У них с Юрком было свое, особенное. Давно, правда. Но было. Когда еще и квартир этих не было и он, Юрок, после северов лагерных в Питер свалился. Надя удачно прозвонила тогда рижан, но взяла, дура, и закинулась на порошок. Юрок заметил, совсем край девчонке, заметил и выходил ее. Надя под коленом разъехала себе вены, ступня вывернулась, провисла. Обезножила она. Так он ее под руки, в сортир, там, в душ, таскал. Ей тогда казалось, это не просто слюни, как у каждой, у всякой, а такое… Когда пальцы за него отрежешь. И будет еще мало. А потом…

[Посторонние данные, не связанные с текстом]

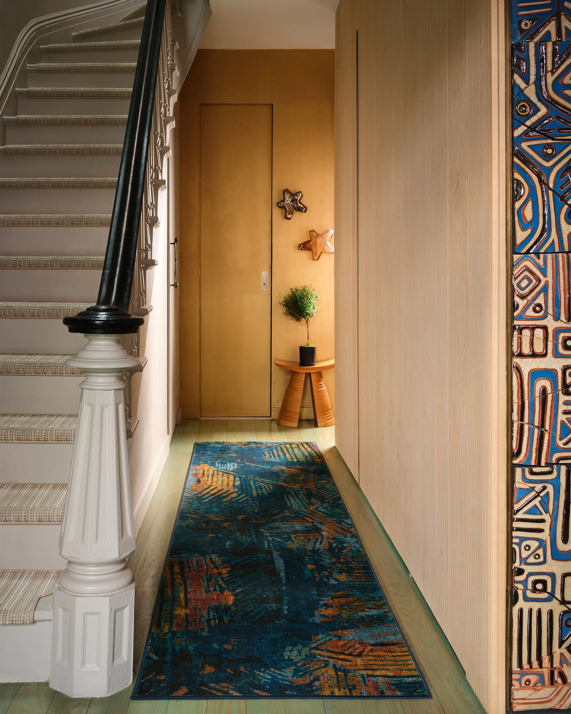 The area rug features an abstract sgraffito design with layered painterly strokes carved into each other. Its dynamic colour palette combines turquoise, smoky blue, soft red, orange, and lime green against a royal blue background. The flatwoven construction provides durability, while the water-resistant and stain-resistant properties ensure easy maintenance. Machine-washable for convenient care. W60 x D90 cm
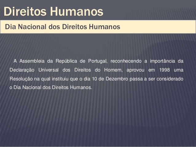 41. 41. Direitos HumanosDia Nacional dos Direitos Humanos A Assembleia da República de Portugal, reconhecendo a importância da Declaração Universal dos Direitos do Homem, aprovou em 1998 uma Resolução na qual instituiu que o dia 10 de Dezembro passa a ser considerado o Dia Nacional dos Direitos Humanos.
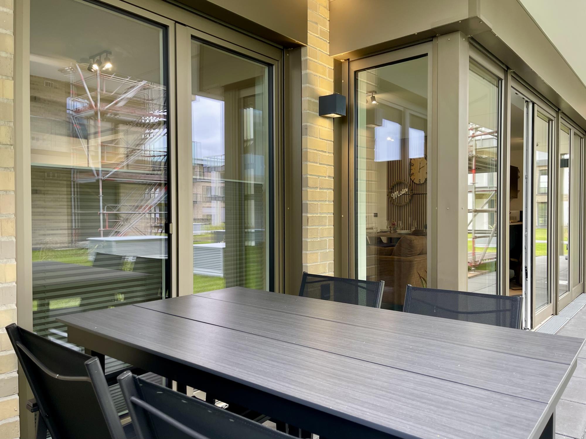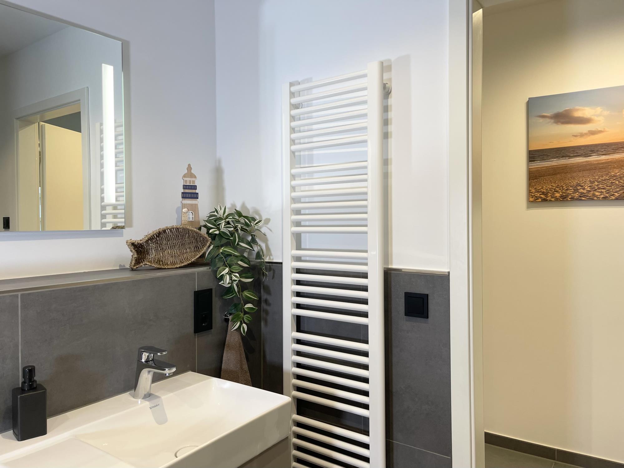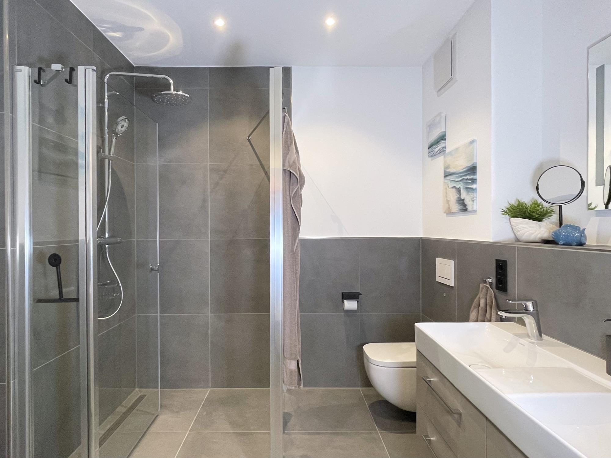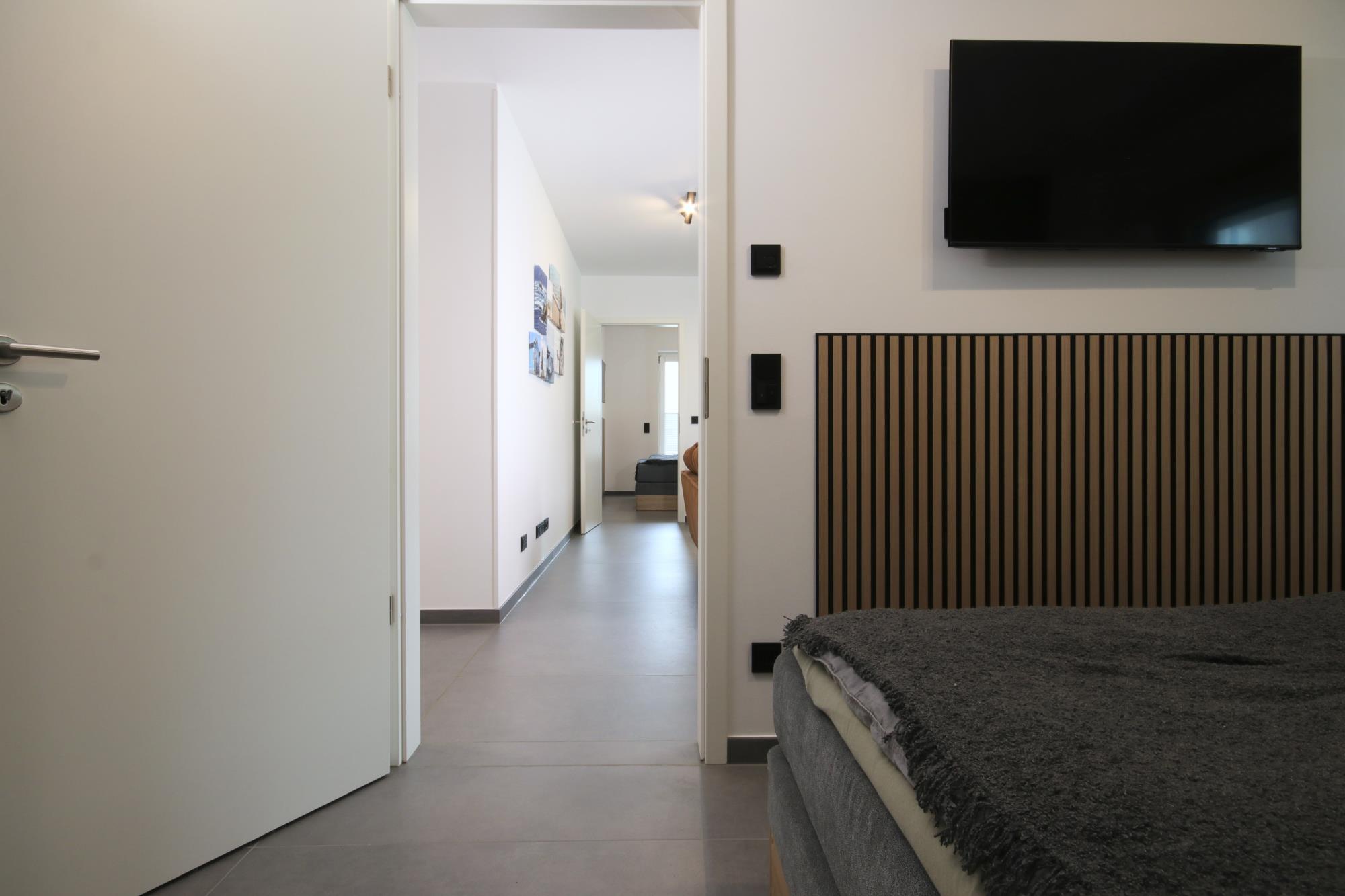 Der moderne und top-ausgestattete offene Küchenbereich ist clever in den Ess- & Wohnbereich integriert. Von hier aus sind das Bad, mit bodengleicher Dusche, die Saunaräumlichkeit (Infrarotsauna), zwei Schlafzimmer und die Terrasse zugänglich, von der es einen herrlichen Ausblick bis zur Nordsee gibt.

Потом выскочил к ней морячок. Самый настоящий. В синей форме, во фланке хрустящей. Шевроны, обшлага, на фуражке золотой краб. Замуж звал. Смехота! У него жена, дочка, а он ее, Надю Стрелку, замуж. И жалко его, и куда девать, неиз-вестно.
И был такой глупый момент, когда она и сама, на неделю всего, взяла и сорвалась. Решила, чем, мол, она, Надя, хуже других. Так они с моряком зажгли, вспомнить страшно.
А однажды по утрянке слышит она, как этот флотский звонит жене и про дочку спрашивает. И сопли у него в голосе лезут, как у мужиков бывает, когда припрет. И она, Надя, тогда подумала, глядя на синие полотнища, которые весна над заливом развесила, ни хрена, мол, у нас не выйдет. Зачем человека об колено ломать, он же ее потом поливать станет. Жизнь пропала, и все такое. Лучше уж она сама по себе. Как обычно. Вольная птица.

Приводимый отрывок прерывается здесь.